Гурьба гренадеров ввалила теперь в спальню правительницы, и в присутствии этих нежданных ночных посетителей молодые женщины начали одеваться. Елизавета поторапливала их.
- Надобно взять принца Ивана и принцессу Екатерину и увезти их, - проговорила она как бы про себя и затем, обратившись к своим спутникам, приказала никого не выпускать из спальни.
Исполняя последнее приказание цесаревны, по двое гренадеров стали на караул у каждой двери, скрестив штыки, а Елизавета, в сопровождении Лестока, отправилась в те комнаты, где находились император и его сестра, принцесса Екатерина.
Малютка спал в это время беззаботным сном, свернувшись крендельком в своей колыбели. Осторожно вынула его оттуда Елизавета.
- Мне жаль тебя, бедное дитя, - проговорила она, - ты не виноват ни в чем, виноваты только твои родители.
С этими словами она передала спавшего ребенка на руки его мамки, не догадывавшейся вовсе о том, что делается.
Так же осторожно взяла Елизавета из колыбели и крошечку Екатерину, передав ее кормилице.
После этого цесаревна отправилась в спальню матери захваченных ею детей: "Иванушка" спал беспробудно, а его сестричка как-то болезненно ворковала спросонья. Между тем в спальню Анны Леопольдовны привели окруженного гренадерами принца Антона. Испуганный и бледный, он только с немым укором посмотрел на свою растерянную жену и бросил сердитый взгляд на Юлиану, которая, как казалось, все еще не сознавала ясно того, что происходило. Цесаревна прикрикнула на нее, приказывая ей не наряжаться как на свадьбу, а выбираться поскорее.
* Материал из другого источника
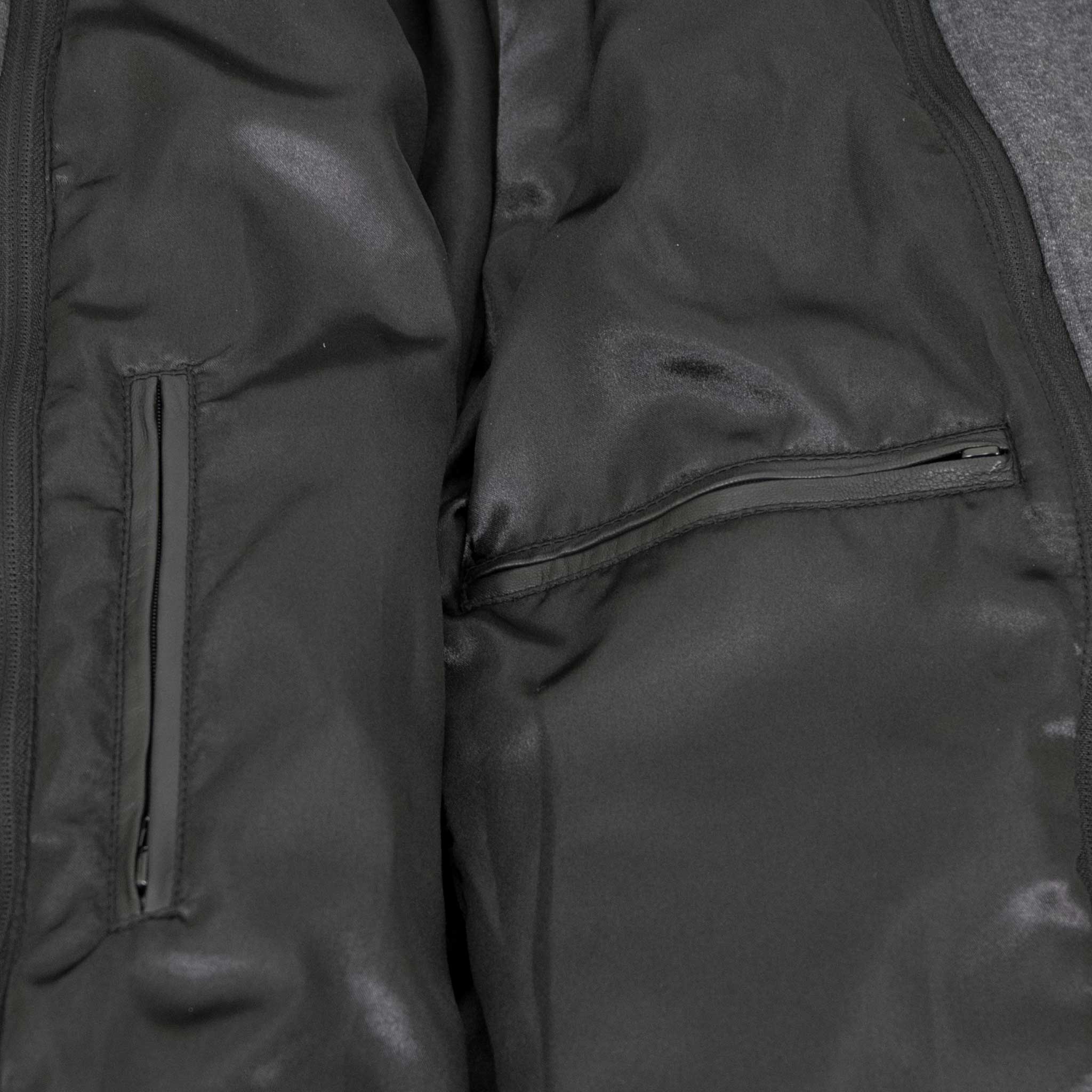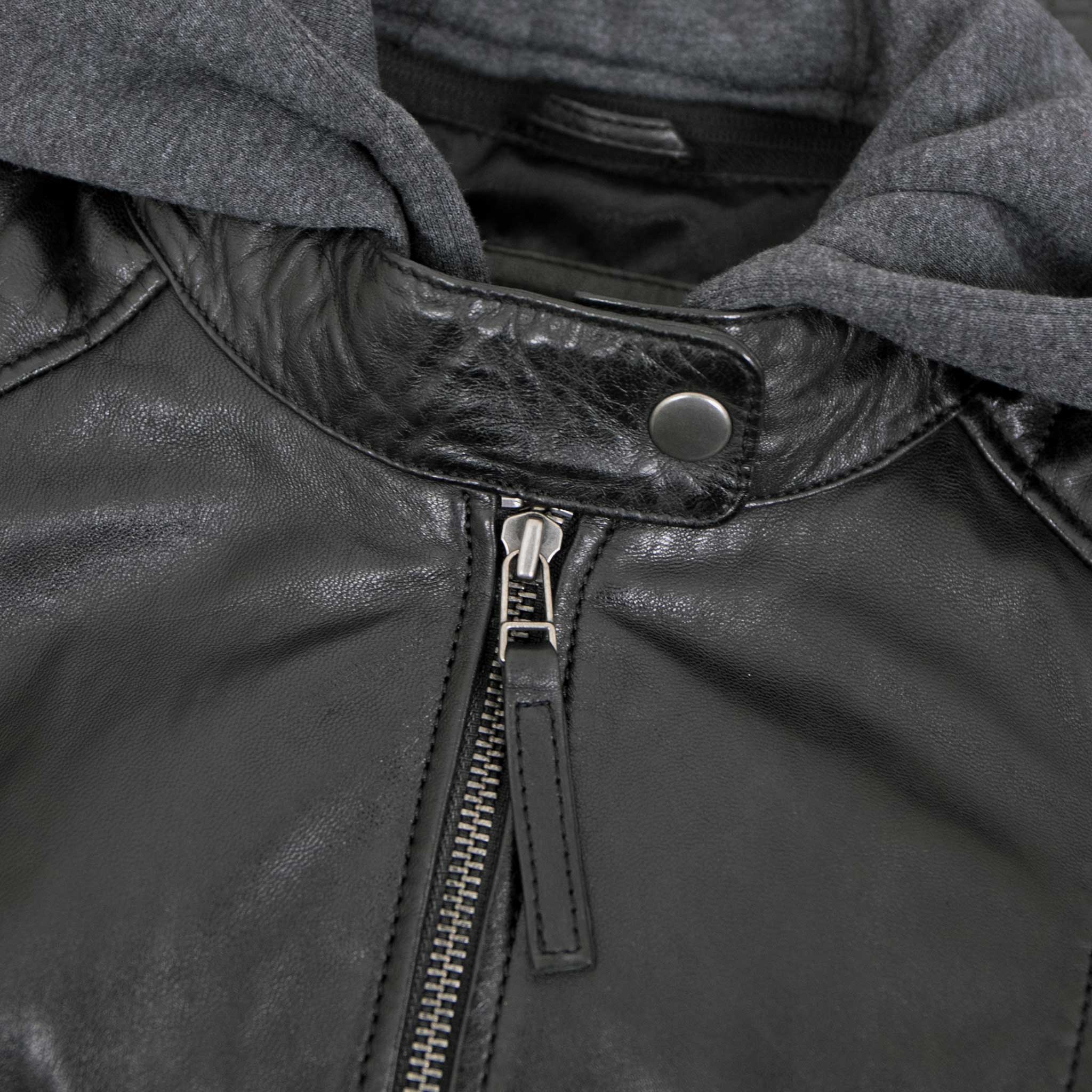 Ein besonderes Highlight ist der integrierte Kapuzen-Einsatz in Grau-Melange, der sich dank Reißverschluss einfach entfernen lässt. Ohne Kapuze verwandelt sich das Modell im Handumdrehen in eine klassische Bikerjacke und eröffnet damit vielseitige Kombinationsmöglichkeiten für verschiedene Looks und Anlässe. Praktische Reißverschlusstaschen sowie ein robuster Frontreißverschluss ergänzen das designstarke Vielseitigkeitsstück.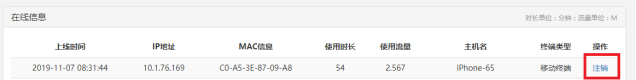 图2 在线设备的注销界面

По распоряжению Елизаветы, горничные принесли шубки и шапочки для Анны Леопольдовны и ее фрейлины.
- Теперь можно собираться в путь-дорогу! - весело проговорила Елизавета, окинув глазами спальню и видя, что уже забраны все, кого ей нужно было забрать.
- Поздравляем тебя, наша матушка, с новосельем, - гаркнул один преображенец, обращаясь к цесаревне.
- Дай, Господи, жить тебе здесь подобру-поздорову! - подхватил другой.
- И сто годков процарствовать! - добавил третий.
Ласковой улыбкой отвечала Елизавета на эти приветствия своих приверженцев, и видя, что все готовы, сделала Анне Леопольдовне глазами знак, чтобы она выходила из спальни. В это мгновение бывшая правительница вспомнила о письме, написанном ею с вечера к Линару, она вздрогнула от негодования при мысли, что Елизавета узнает все ее сердечные тайны, и кинулась к столику, на котором лежало письмо, чтобы взять его.
- Здесь ничего нельзя трогать! - строго сказала Елизавета, кладя на письмо одну руку, а другой отстраняя от стола Анну.
- Умоляю вас, отдайте мне его, оно вам не нужно... - прошептала молодая женщина.
Не отвечая ничего, Елизавета взяла со стола запечатанное письмо и заложила его за корсаж своего платья.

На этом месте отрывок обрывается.